7th April 2016, Comments 0 comments

Burkina Faso President Roch Marc Christian Kabore told AFP Thursday that international cooperation and aid were crucial to fighting terror, but African countries need the tools to combat the scourge on their own.

Speaking in Paris where he had talks with President Francois Hollande earlier this week, Kabore said west African security forces need training and equipment and "it is important for allied countries like France and the United States to be able to help us."

But, he added: "We hope our special forces will be able to ensure this security on their own, without needing France to do it for us."

West Africa has been hit especially hard in recent months, with jihadist attacks in Burkina Faso, Ivory Coast and Mali claiming 69 lives since November.

"We have six borders with neighbouring countries, around 3,000 kilometres (1,800 miles) long. Obviously, these borders are porous," said Kabore, who was elected last November.

"That's why we have to be organised on both the regional and international levels through intelligence-sharing to be able to fight terrorism."

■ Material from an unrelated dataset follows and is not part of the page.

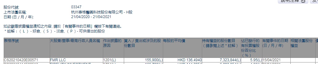 智通财经APP获悉,香港联交所最新资料显示,4月15日,FMR LLC减持泰格医药(03347)15.59万股,每股作价136.494港元,总金额约为2127.9万港元。减持后最新持股数目约为732.38万股,最新持股比例为5.95%。
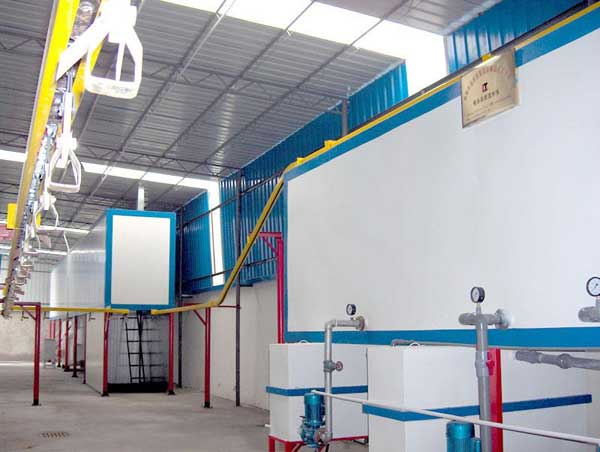 靜電發生器,噴粉槍、噴粉室、流化供粉裝置、粉末回收裝置和烘爐。通過與噴槍自動升降機、懸掛輸送機、自動送粉篩粉機等設備的結合使用可構成自動化流水線。

Burkina Faso belongs to the Sahel Group of Five along with Mali, Mauritania, Niger and Chad, countries where several jihadist groups are active, notably Al-Qaeda in the Islamic Maghreb (AQIM).

France's Operation Barkhane has at least 3,500 soldiers deployed across five countries in the region to combat the raging jihadist insurgency.

But the presence of special forces from the former colonial master in the Burkina capital Ouagadougou has raised fears that they could put the country at greater risk of attack.

Soon after the March 13 jidahist attacks at a seaside resort in Ivory Coast left 19 people dead, the security ministers of Ivory Coast, Mali, Senegal and Burkina Faso met in the Ivorian business capital Abidjan.

"This first meeting created the basis for much more sustained cooperation between our security services and our intelligence services," Kabore said. "It's an important step."

Thirty people were killed, including many foreigners, on January 15 in an attack on a top Burkina Faso hotel and a nearby restaurant in Ouagadougou.

Mali's capital Bamako saw an attack on November 20 in which gunmen took guests and staff hostage at the luxury Radisson Blu hotel in a siege that left at least 20 dead.

AQIM said after the March 13 attack in Ivory Coast that it was one of a series of operations "targeting dens of espionage and conspiracies".

It warned France and its allies that nations involved in Operation Barkhane and the 2013 French-led Operation Serval in Mali would "receive a response", with their "criminal leaders" and interests targeted, according to the SITE group that monitors extremist groups.